I think this flag affects AWS and not receive buffer size.

  • if turned on, and if buffer is configured to grow beyond 64KB, then Ack can set AWS to above 65536.
  • if turned off, then we don’t need a large buffer since AWS can only be 65536 or lower.


y FIX needs session seqNo over TCP seqNo #reset

My friend Alan said … Suppose your FIX process crashed or lost power, reloads (from disk) the last sequence received and reconnects (resetting tcp seq#). It would then receive a live seq # higher than expected. CME documentation states:

… a given system, upon detecting a higher than expected message sequence number from its counterparty, requests a range of ordered messages resent from the counterparty.

Major difference from TCP sequence number — FIX has no Ack. See Ack in FIX^TCP

— Sequence number reset policy:

After a logout, sequence numbers is supposed to reset to 1, but if connection is terminated ‘non-gracefully’ sequence numbers will continue when the session is restored. In fact a lot of service providers (eg: Trax) never reset sequence numbers during the day. There are also some, who reset sequence numbers once per week, regardless of logout.

FIX.5 + FIXT.1 breaking changes

I think many systems are not yet using FIX.5 …

  1. FIXT.1 protocol [1] is a kinda subset of the FIX.4 protocol. It specifies (the traditional) FIX session maintenance over naked TCP
  2. FIX.5 protocol is a kinda subset of the FIX.4 protocol. It specifies only the application messages and not the session messages.

See https://www.fixtrading.org/standards/unsupported/fix-5-0/. Therefore,

  • FIX4 over naked TCP = FIX.5 + FIXT
  • FIX4 over non-TCP = FIX.5 over non-TCP

FIX.5 can use a transport messaging queue or web service, instead of FIXT

In FIX.5, Header now has 5 mandatory fields:

  • existing — BeginString(8), BodyLength(9), MsgType(35)
  • new — SenderCompId(49), TargetCompId(56)

Some applications also require MsgSeqNo(34) and SendingTime(52), but these are unrelated to FIX.5

Note BeginString actually look like “8=FIXT1.1

[1] FIX Session layer will utilize a new version moniker of “FIXTx.y”

HFT mktData redistribution via MOM

Several practitioners say MOM is unwelcome due to added latency:

  1. The HSBC hiring manager Brian R was the first to point out to me that MOM adds latency.

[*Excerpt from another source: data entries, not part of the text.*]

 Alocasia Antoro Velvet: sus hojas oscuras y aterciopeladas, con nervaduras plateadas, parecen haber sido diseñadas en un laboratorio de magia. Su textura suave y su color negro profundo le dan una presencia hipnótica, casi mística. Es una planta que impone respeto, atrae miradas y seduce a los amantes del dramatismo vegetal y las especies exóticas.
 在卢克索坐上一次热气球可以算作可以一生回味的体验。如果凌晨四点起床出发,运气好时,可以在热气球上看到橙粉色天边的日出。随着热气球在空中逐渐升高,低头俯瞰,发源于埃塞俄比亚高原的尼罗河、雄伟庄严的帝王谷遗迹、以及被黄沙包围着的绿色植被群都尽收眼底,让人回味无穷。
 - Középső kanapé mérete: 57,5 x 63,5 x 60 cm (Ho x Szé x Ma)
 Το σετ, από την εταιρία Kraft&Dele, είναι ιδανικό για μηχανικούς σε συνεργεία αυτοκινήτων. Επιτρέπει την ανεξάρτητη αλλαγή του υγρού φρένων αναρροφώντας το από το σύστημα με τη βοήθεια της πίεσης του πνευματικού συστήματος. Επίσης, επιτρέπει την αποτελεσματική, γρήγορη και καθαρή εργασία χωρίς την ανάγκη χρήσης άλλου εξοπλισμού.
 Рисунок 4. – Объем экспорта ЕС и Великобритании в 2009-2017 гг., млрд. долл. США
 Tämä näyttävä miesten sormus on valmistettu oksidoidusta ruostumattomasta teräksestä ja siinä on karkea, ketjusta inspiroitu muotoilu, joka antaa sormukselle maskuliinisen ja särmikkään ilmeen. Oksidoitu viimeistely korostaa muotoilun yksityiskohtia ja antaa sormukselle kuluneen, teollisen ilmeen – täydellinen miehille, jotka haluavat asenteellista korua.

Their goal is to get the raw (market) data from producer to consumer as quickly as possible, with minimum stops in between.
  2. 29West documentation echos “Instead of implementing special messaging servers and daemons to receive and re-transmit messages, Ultra Messaging routes messages primarily with the network infrastructure at wire speed. Placing little or nothing in between the sender and receiver is an important and unique design principle of Ultra Messaging.
  3. Then I found that the ICE/RTS systems (not ultra-low-latency ) have no middleware between feed parser and order book engine (named Rebus).

However, HFT doesn’t always avoid MOM. P143 [[all about HFT]] published 2010 says an HFT such as Citadel often subscribes to both individual stock exchanges and CTS/CQS [1], and multicasts the market data for other components of the HFT. This design has additional buffers inherently. The first layer receives raw external data via a socket buffer. The 2nd layer components would receive the multicast data via their socket buffers.

[1] one key reason to subscribe redundant feeds — CTS/CQS may deliver a tick message faster!

Lehman’s market data is re-distributed over tibco RV, in FIX format.